In the study of nonlinear conservation laws a lot of time I work on the two problems given bellow:
$$(1) \hspace{1cm} \begin{cases} u_t+(f_{1}(u))_x=\lambda \cdot g(u) \\[2ex] u(x,0)=h_{1}(x) \end{cases} $$
$$(2) \hspace{1cm} \begin{cases} u_t+(f_{2}(u))_x=0 \\[2ex] u(x,0)=h_{2}(x) \end{cases} $$
Here u $\in \mathbb{R}^n$ and $\lambda$ is a constant. Besides $u$, the functions $g,f_1, f_2$ could also depend of $x$ and/or $t$.
A long time ago a professor of mine told me that he read somewhere that there is a way of transforming problem $(1)$ to the problem $(2)$ for some special cases of functions $g,f_1, f_2$. And vice versa. But he can't remember where he has read that.
Obviously it would be very useful if we can switch between problems $(1)$ and $(2)$ from time to time. In one moment you work on a problem that has a source term $\lambda \cdot g(u)$, i.e. problem $(1)$. In the other moment you use change of coordinates (or something similar) and now you work with a problem with no source term and with different initial condition (and possibly different flux too), i.e. problem $(2)$.
I am pretty sure that some general transformation doesn't exist. In the problem $(1)$ source is time dependent and in the problem $(2)$ new initial data are not time dependent.
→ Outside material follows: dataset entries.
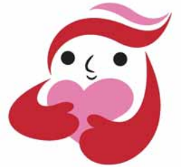
犯罪被害者等支援シンボルマーク ギュっとちゃん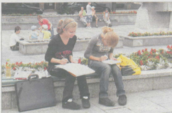
Najciekawsze prace powstały w sobotę na Starym Rynku.

Kolegiata oraz kamieniczki na Starym Rynku były głównymi „modelkami” młodych artystów, którzy w sobotę wzięli udział w drugim etapie Ogólnopolskiego Konkursu Plastycznego „Piękna nasza Polska cała”.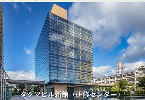
タクマビル新館（研修センター）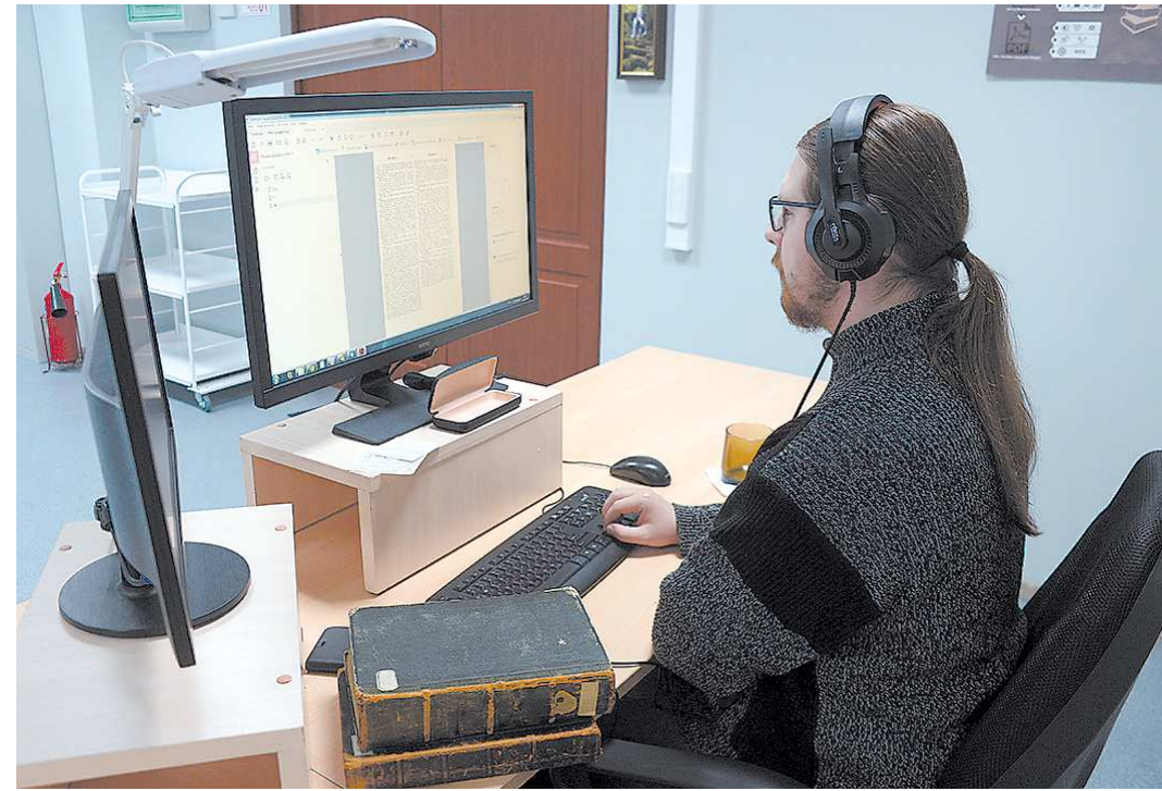
Сотни уральских IT-компаний смогут претендовать на господдержку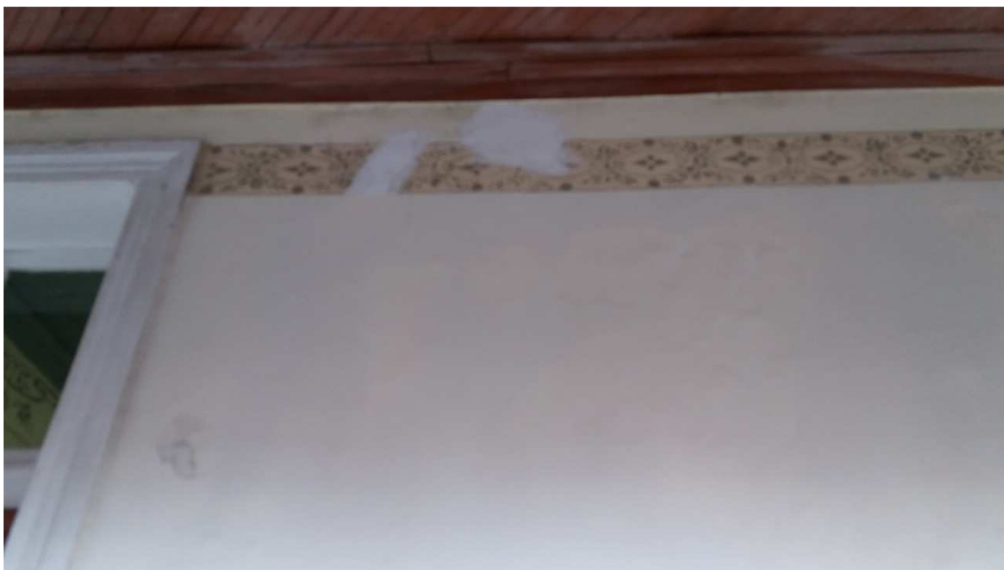
Remendos em argamassa fora dos padrões adequados (5)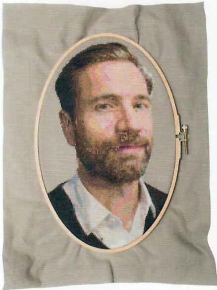
© Lana Mesić, Wizard of Oz 07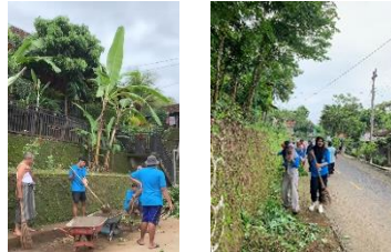
gambar 5 kerja bakti

alat kebersihan sehingga proses kerja bakti kurang optimal. Sehingga hasil yang dicapai lingkungan dusun Giriloyo menjadi lebih bersih dan masyarakat menjadi nyaman dalam beraktifitas sehari-hari (Rahayu dkk., 2022; Rahman & Kuncoro, 2022).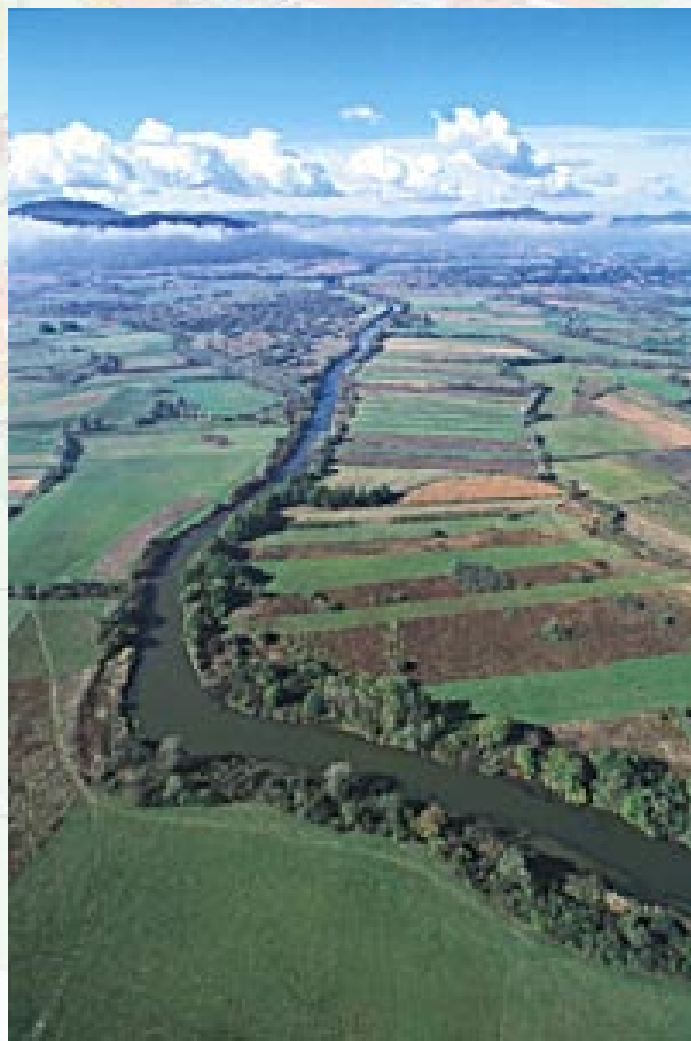
Pogled na Barje z Ljubljano iz zraka, oktober 1997. Ciril Mlinar ( http://www2.pms-lj.si/razstave/barje/barje.html )

Bralkam in bralcem želimo obilo zdravja in sreče v letu, ki prihaja.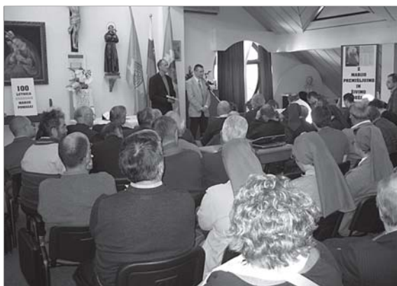
Predavanje na Pastoralnem tečaju na Brezjah.

Največjo težavo predstavlja zaprtost, saj družinski člani o težavah v svojem okolju ne želijo govoriti. V oznanilih in na oglasni deski naj bodo objavljeni kontaktni podatki ustanov in centrov, ki nudijo strokovno pomoč.

But
- maybe source could go partially into the flux and partially into the initial data or something similar.
- Or maybe this kind of transformation exists for some functions $g,f_1, f_2, h_1, h_2$ with the special properties.
- Or maybe it exists for some other kind of PDE problems - that don't deal with conservation laws.
The only example of transformation of this kind I know is: if $g(u)=(w(u))_x$ (assuming that function $w$ could be found), then the source term would be absorbed in the flux term. So we would get the problem $(2)$ form where $f_2 (u) = f_1 (u) - \lambda \cdot w(u)$ and $h_2(x)=h_1 (x).$
My question is: is anyone encountered some similar transformation and where (reference in the literature would be nice)? Of course you could share your ideas or answers too. This question intrigues me from the moment the professor told me that.